Page MenuHomePhabricator

Implement cron-based mydumper backups on the dbstore role
Closed, ResolvedPublic

Event Timeline

Change 371925 had a related patch set uploaded (by Jcrespo; owner: Jcrespo):
[operations/puppet@production] Install mydumper on dbstore_multiinstance hosts, drop tls

https://gerrit.wikimedia.org/r/371925

Change 371925 merged by Jcrespo:
[operations/puppet@production] mariadb: Install mydumper on dbstore_multiinstance hosts, drop tls

https://gerrit.wikimedia.org/r/371925

Trying:

shard=s1
numthreads=8
mydumper --compress --host=localhost --threads=$numthreads --user=$(( whoami )) --socket=/run/mysqld/mysqld.$shard.sock --triggers --routines --events --rows=100000000 --logfile=$backupdir/dump.log --outputdir=$backupdir/$shard.$(( date +%Y%m%d%H%M%S ))

Change 371935 had a related patch set uploaded (by Jcrespo; owner: Jcrespo):
[operations/puppet@production] mariadb: Disable buffer pool loading and dumping on new dbstores

https://gerrit.wikimedia.org/r/371935

Change 371935 merged by Jcrespo:
[operations/puppet@production] mariadb: Disable buffer pool loading and dumping on new dbstores

https://gerrit.wikimedia.org/r/371935

It took 3 hours to do the dump:

Started dump at: 2017-08-14 09:02:16
...
Finished dump at: 2017-08-14 12:04:49

That is much worse than T162789#3238231 but the difference is:

  • current instance was using only 15G GB instead of 512G of memory
  • Host is much older, probably CPU, too
  • No SSD
  • Replication was running for other instances, reducing iops
  • Replication was running for the dumped database enwiki
  • It has compressed tables, which probably makes queries much slower
  • In the last half an hour, some threads were idle, waiting for all threads to complete (watchlist and templatelinks finishing)

Maybe we can stop replication on all hosts and measure how that changes the export time.

Mentioned in SAL (#wikimedia-operations) [2017-08-14T12:21:22Z] <jynus> stopping replication on all instances of dbstore2001 T169516

s2 took less, 1 hour an a half, but its tables are much smaller, and we used 16 threads, and all replication threads were stopped:

Started dump at: 2017-08-14 12:24:42
Finished dump at: 2017-08-14 13:57:25

Change 371944 had a related patch set uploaded (by Jcrespo; owner: Jcrespo):
[operations/puppet@production] [WIP]mariadb: First attempt at a mydumper-based dump script

https://gerrit.wikimedia.org/r/371944

Change 374560 had a related patch set uploaded (by Jcrespo; owner: Jcrespo):
[operations/puppet@production] mariadb: Implement regular logical backups using mydumper

https://gerrit.wikimedia.org/r/374560

Change 371944 abandoned by Jcrespo:
[WIP]mariadb: First attempt at a mydumper-based dump script

Reason:
in favour of https://gerrit.wikimedia.org/r/374560

https://gerrit.wikimedia.org/r/371944

We need this ASAP dbstore1001 crashed and it is not in a good state; plus it can no longer catch up with replication reasonably well.

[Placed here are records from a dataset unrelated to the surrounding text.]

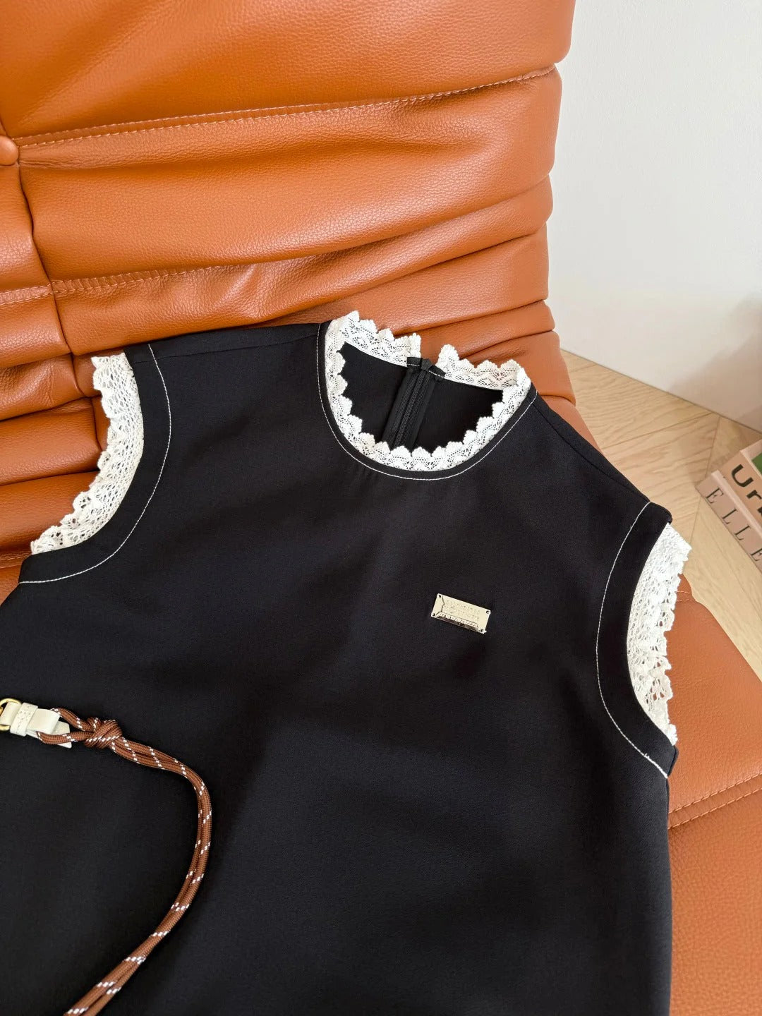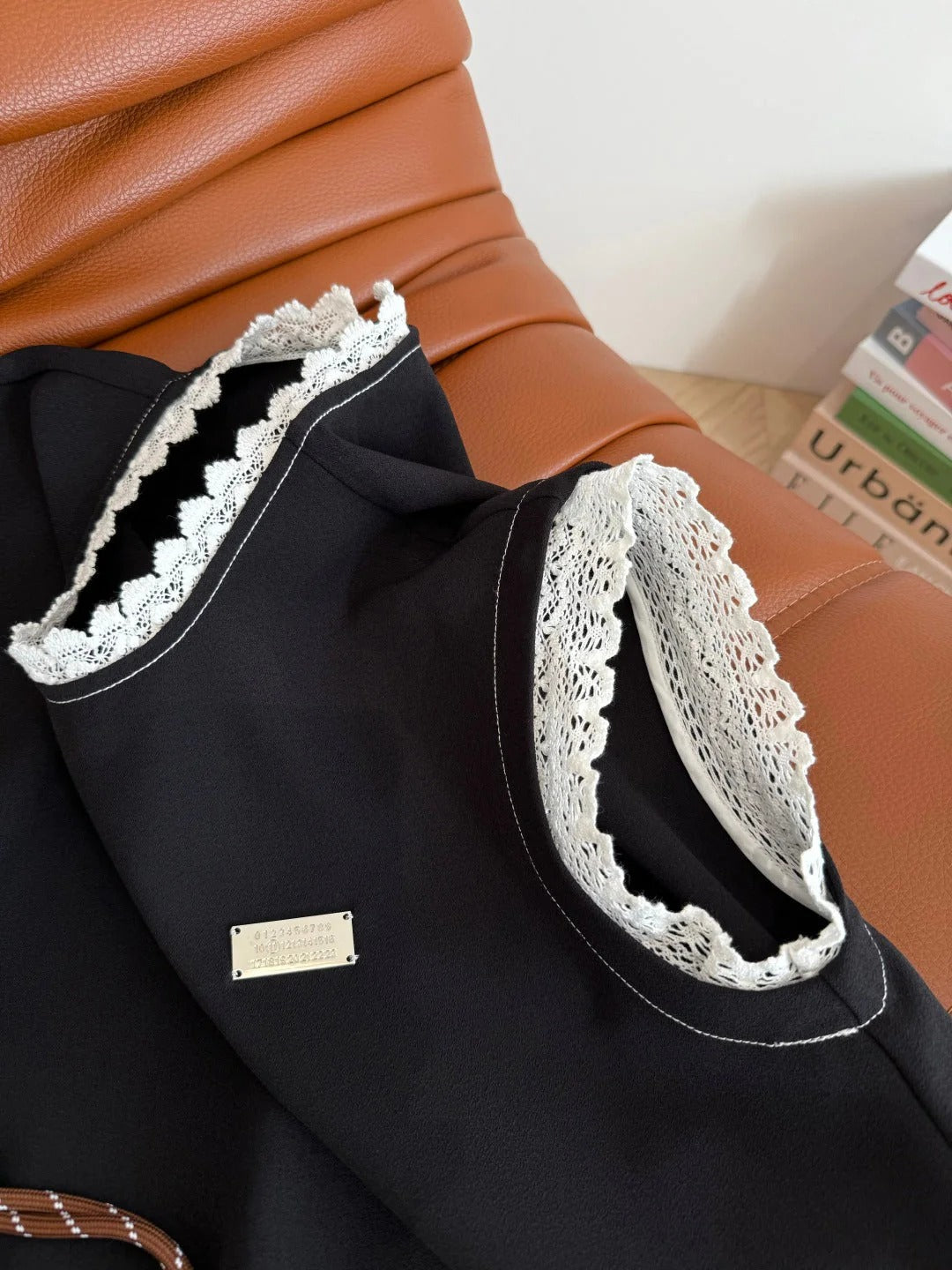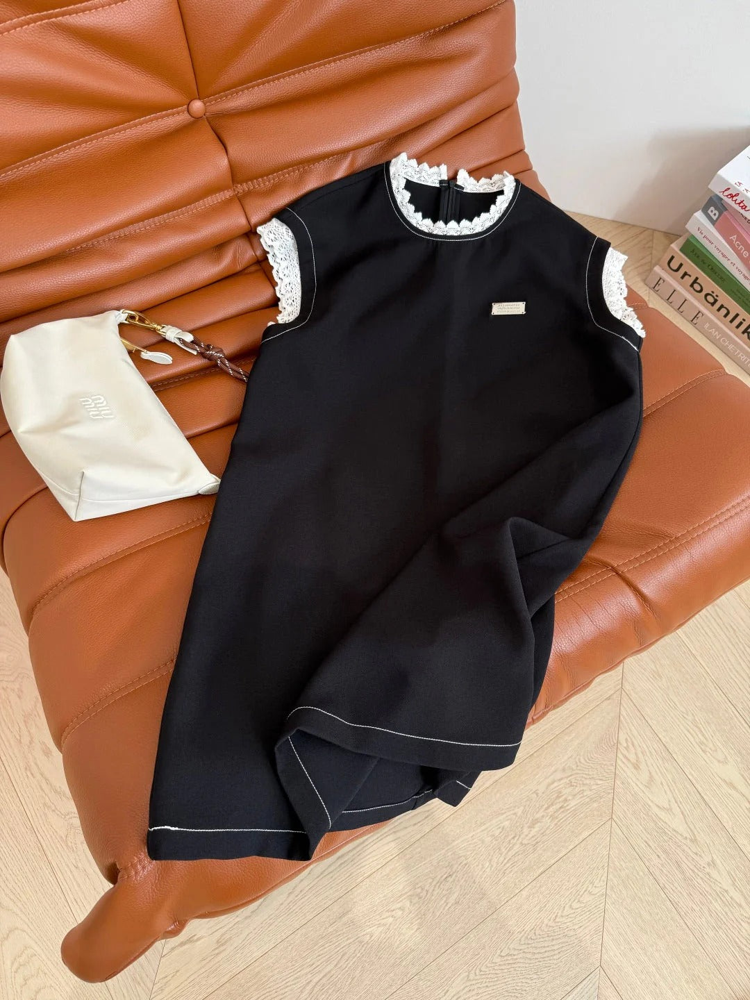 LACE-EMBROIDERED 25S BROAD-SHOULDER DRESS 265767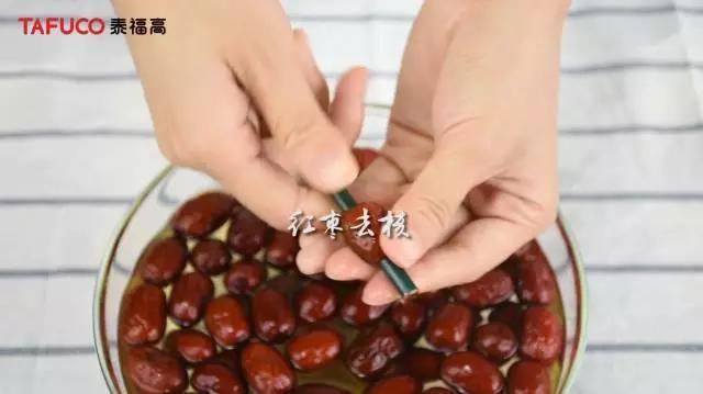 完全泡胀之后,枣核会变得很松,这时我们只需要准备一根吸管就可以轻松去除哦~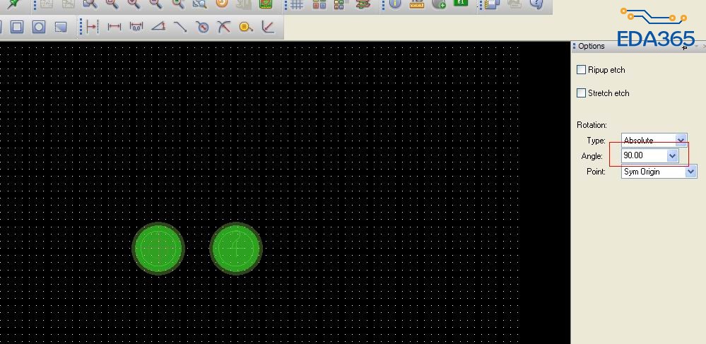 不好意思,我现在这电脑没有ALLEGRO软件。用MOVE命令,以中心抓取右边焊盘,右边的命令框里有可以设置旋转的角度。
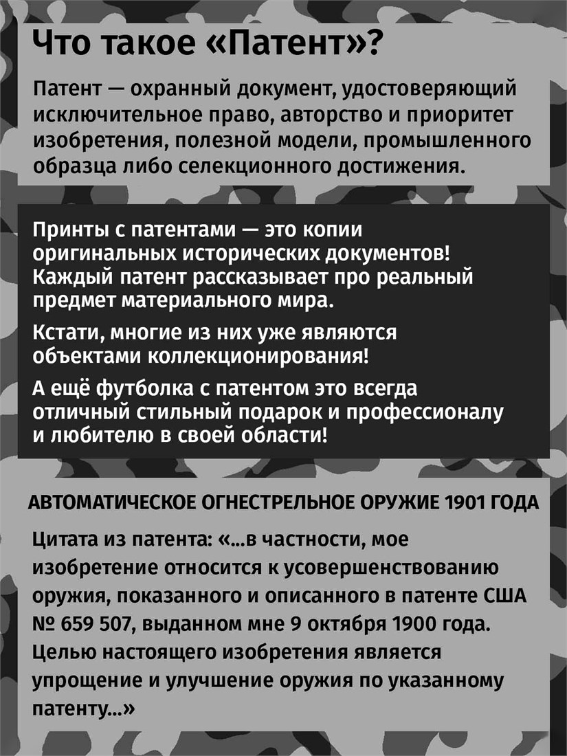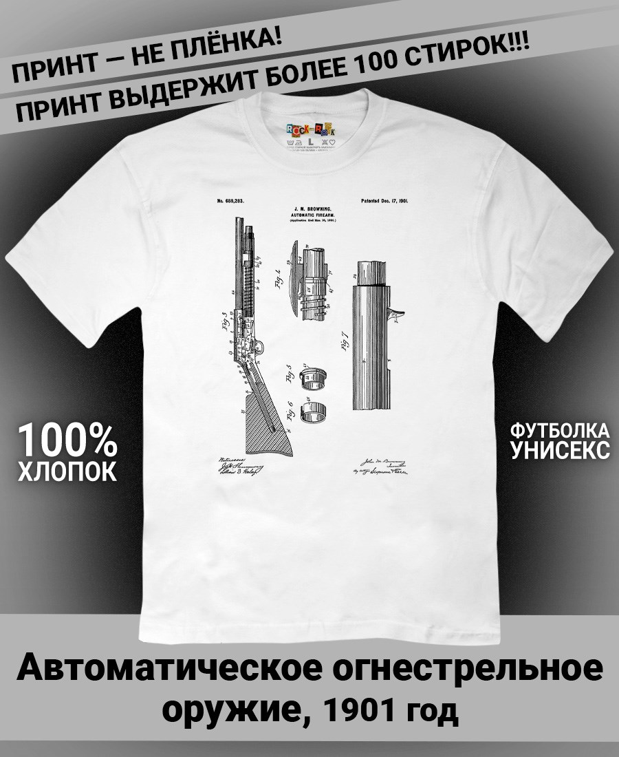 Футболки унисекс, чёрные и белые футболки с изображением патента Автоматическое огнестрельное оружие, 1901 год. Эта модель футболки подходит как мужчинам, так и женщинам, а также адаптируется к различным типам фигуры. Наши принты выполнены методом полноцветной цифровой печати, что обеспечивает высокую износостойкость и насыщенность цветов. Ткань из 100 % хлопка и качественная печать гарантируют сохранение цвета и формы изделия после более чем 100 стирок. В этой серии представлены футболки с патентами на револьверы, ружья, автоматы, гранаты, охотничьи ножи. Также у нас есть футболки с изображениями патентов на тему Авто, Авиация; Видео и фото; Деньги; Игры и игрушки; Мода, стиль, красота; Мореплавание; Мото и вело; Музыка; Оружие и охота; Профессии и призвания. Ищите также по запросам: футболка для мужчин, мужские футболки, крутая футболка, футболка женская с принтом, футболка мужская с принтом, футболка на день рождения, необычная футболка, необычный подарок, футболка на вечеринку, качественная футболка, шикарная футболка, модная футболка, футболка для подарка, крутая футболка, футболка хайп, подарок парню, подарок коллекционеру, подарок охотнику, подарок воину, ретро стиль, винтажная, ностальгия, аналоговая эстетика, олдскул техника.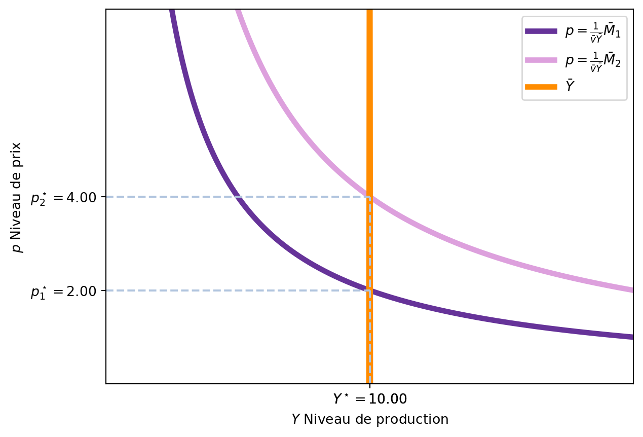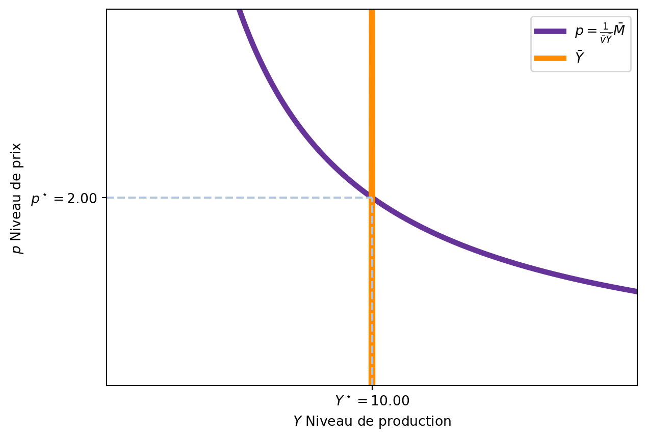 Cette équation indique que le niveau de prix d’équilibre est proportionnel à l’offre de monnaie (\(\bar{M}\)) et inversement proportionnel à la vitesse de circulation de la monnaie (\(\bar{v}\)) et au niveau de production (\(\bar{Y}\)).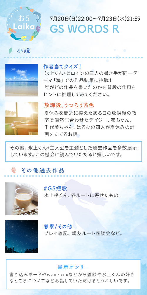 わたしが出したのは後述する企画作品での氷上くんとヒロインちゃんのお話と、女の子同士でワイワイ夏休みの計画を立てるお話。
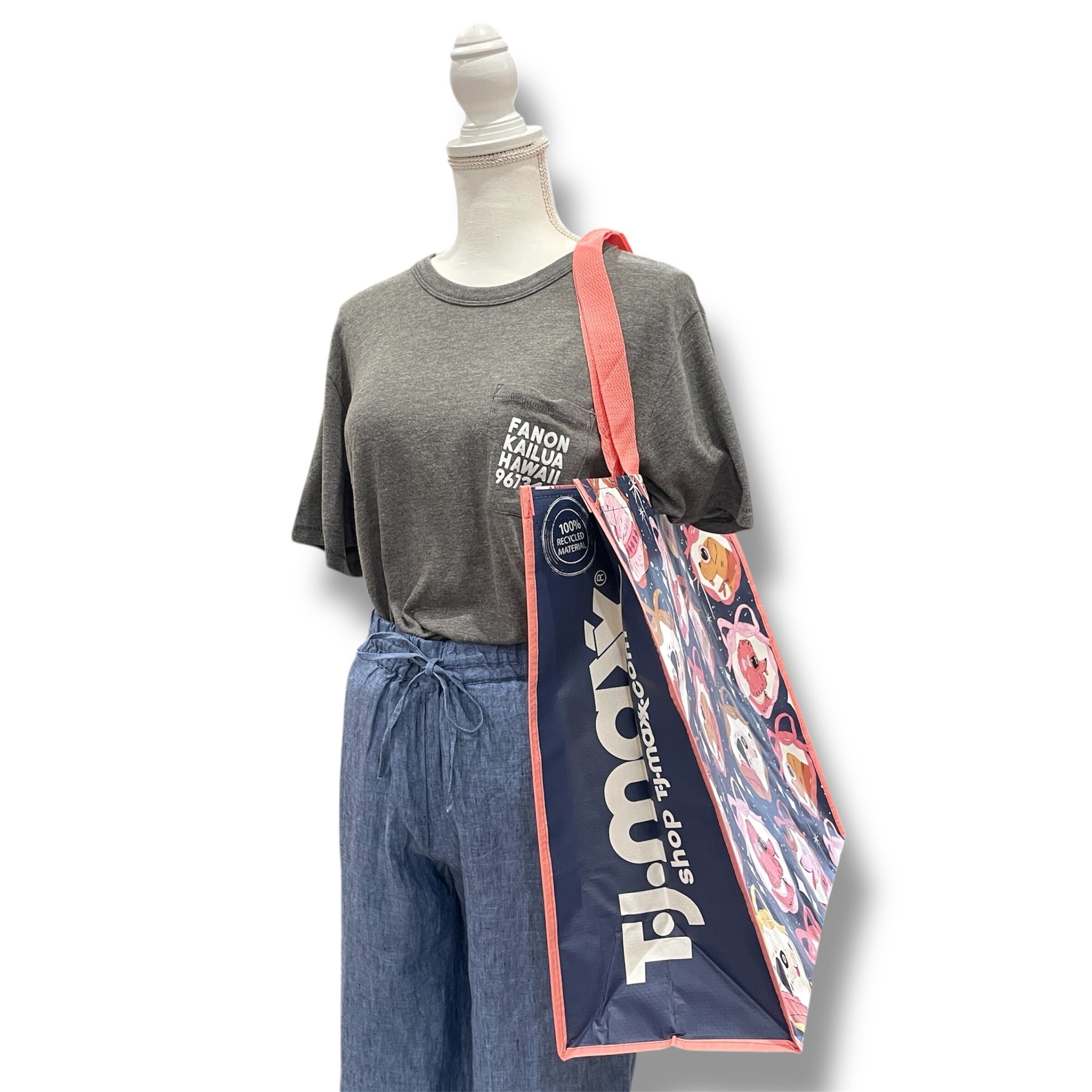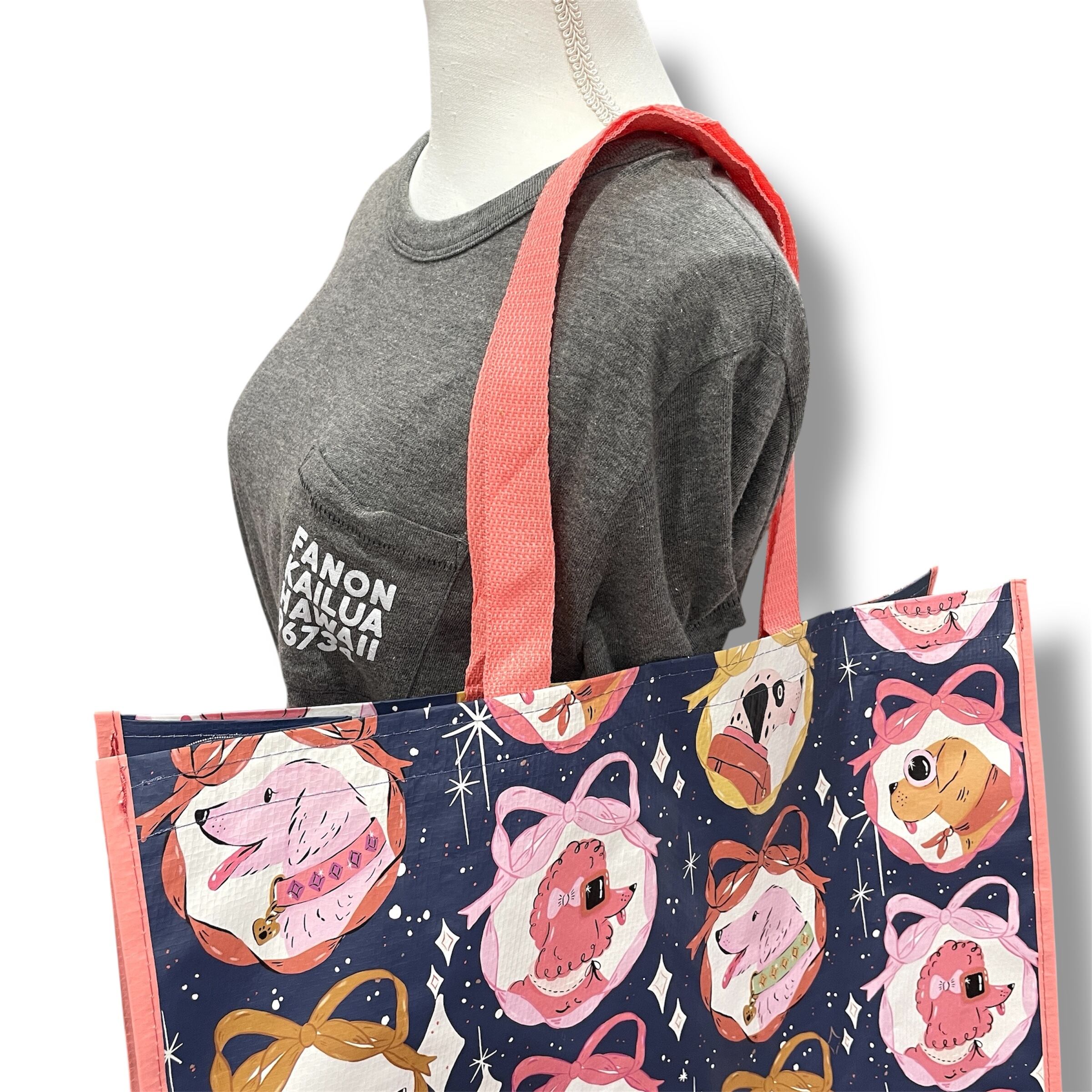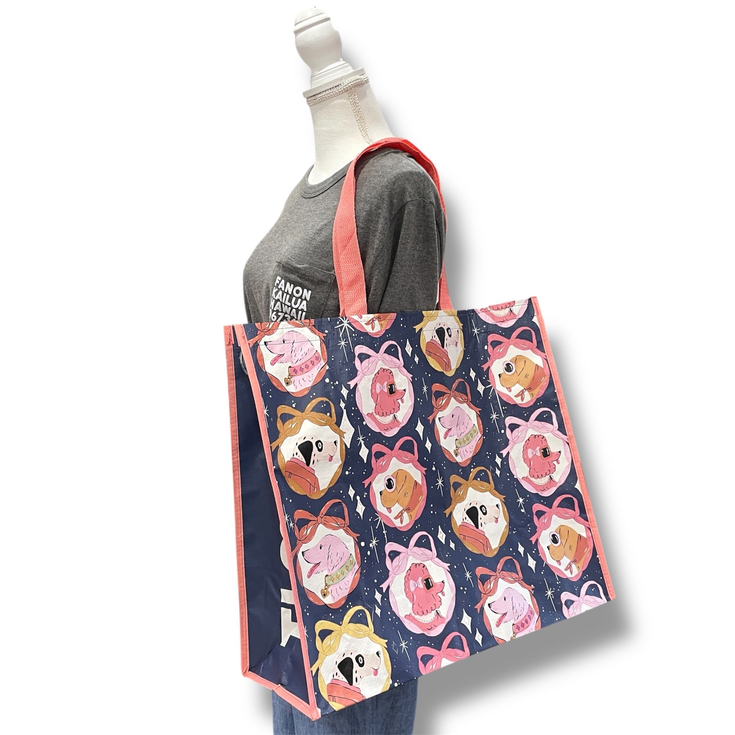【エコバッグ】ポリプロピレン ネイビー ピンク イヌ ドッグ イラスト エコトートバッグ ショッピングバッグ マチあり ハワイ HAWAII ハワイ入荷 海外輸入 プレゼント

Change 374560 merged by Jcrespo:
[operations/puppet@production] mariadb: Implement regular logical backups using mydumper

https://gerrit.wikimedia.org/r/374560

Change 381472 had a related patch set uploaded (by Jcrespo; owner: Jcrespo):
[operations/puppet@production] mariadb-backups: Fix require on cronjob

https://gerrit.wikimedia.org/r/381472

Change 381472 merged by Jcrespo:
[operations/puppet@production] mariadb-backups: Fix require on cronjob

https://gerrit.wikimedia.org/r/381472

Change 381491 had a related patch set uploaded (by Jcrespo; owner: Jcrespo):
[operations/puppet@production] mariadb: backup user must be dump to match already in use mysql account

https://gerrit.wikimedia.org/r/381491

Change 381491 merged by Jcrespo:
[operations/puppet@production] mariadb: backup user must be dump to match already in use mysql account

https://gerrit.wikimedia.org/r/381491

Basic script works and users setup on dbstore2001:s5- pending lot of followup both in hardware and scripting.